Gizelle – É uma constância, na verdade. Um aprendizado contínuo, um treinamento constante da equipe para que você consiga implementar neles a consciência da necessidade da própria evolução e o quanto isso pode contribuir para o negócio. Acredito que precisamos manter esse treinamento diário, para que a equipe compreenda a importância de evoluir e, assim, consiga oferecer a contribuição que o negócio precisa. Olhar para a tecnologia aliada a um treinamento constante é, na minha visão, o que tem gerado resultados melhores e mais rápidos.
Fabrício – Exato. Um exemplo disso foi quando a gente introduziu a tecnologia Polar, fomos os primeiros no estado do Rio.
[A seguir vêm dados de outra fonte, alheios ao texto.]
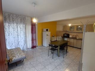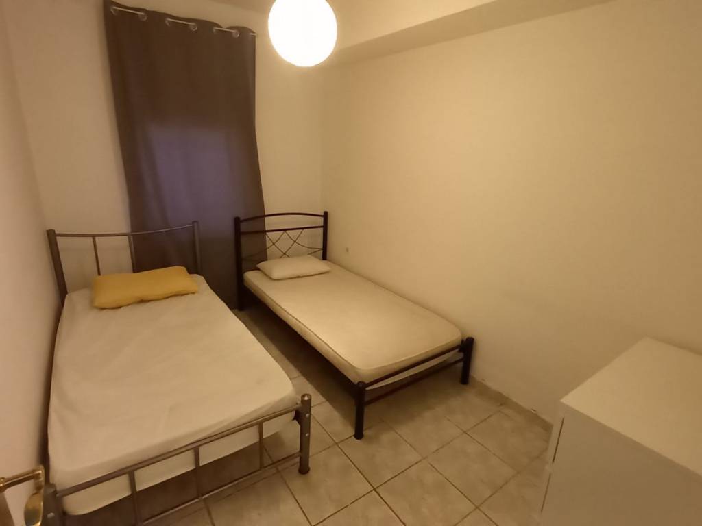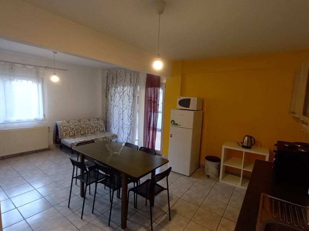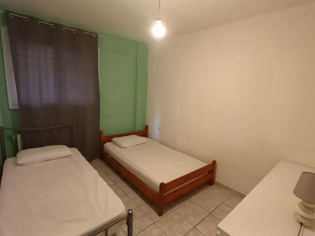 Ground-floor corner apartment of 60 sq.m. for rent with a yard. It consists of 2 bedrooms, a living room with kitchen, and a bathroom. The apartment has central natural gas heating and is bright and functional. No common expenses, ideal for a couple or a small family.

Eu marquei uma reunião de treinamento com a equipe e foi assustador ver a reação deles: “Nossa, ferrou. Agora vai dar trabalho, porque agora é cadastrar aluno, colocar pulseira”. Mas eu tentei mostrar o que aquilo traria de respaldo, segurança, eficiência, como melhoraria na prescrição deles e também a experiência do aluno, e a visão do aluno diante daquela inovação. Quando eles entenderam que aquilo ia causar impacto na percepção e na vida do aluno, eles abraçaram a ideia. Mas não foi fácil.
Fever – Mas concorda que, quanto mais o negócio cresce, mais difícil é inovar?
Gizelle – Sim, inovar conforme o negócio cresce realmente fica mais difícil e mais caro. As soluções precisam ser mais avançadas, a equipe é maior, e tudo exige mais energia, mais tempo e mais dinheiro. Além disso, o desafio é manter os processos alinhados com a experiência do cliente. Se não houver cuidado, a burocracia afasta o cliente e complica a entrega da solução. Nosso maior esforço hoje é entregar rapidez e assertividade, sem perder a qualidade e o controle interno. O cliente não quer uma justificativa técnica, ele quer que o problema dele seja resolvido e rápido.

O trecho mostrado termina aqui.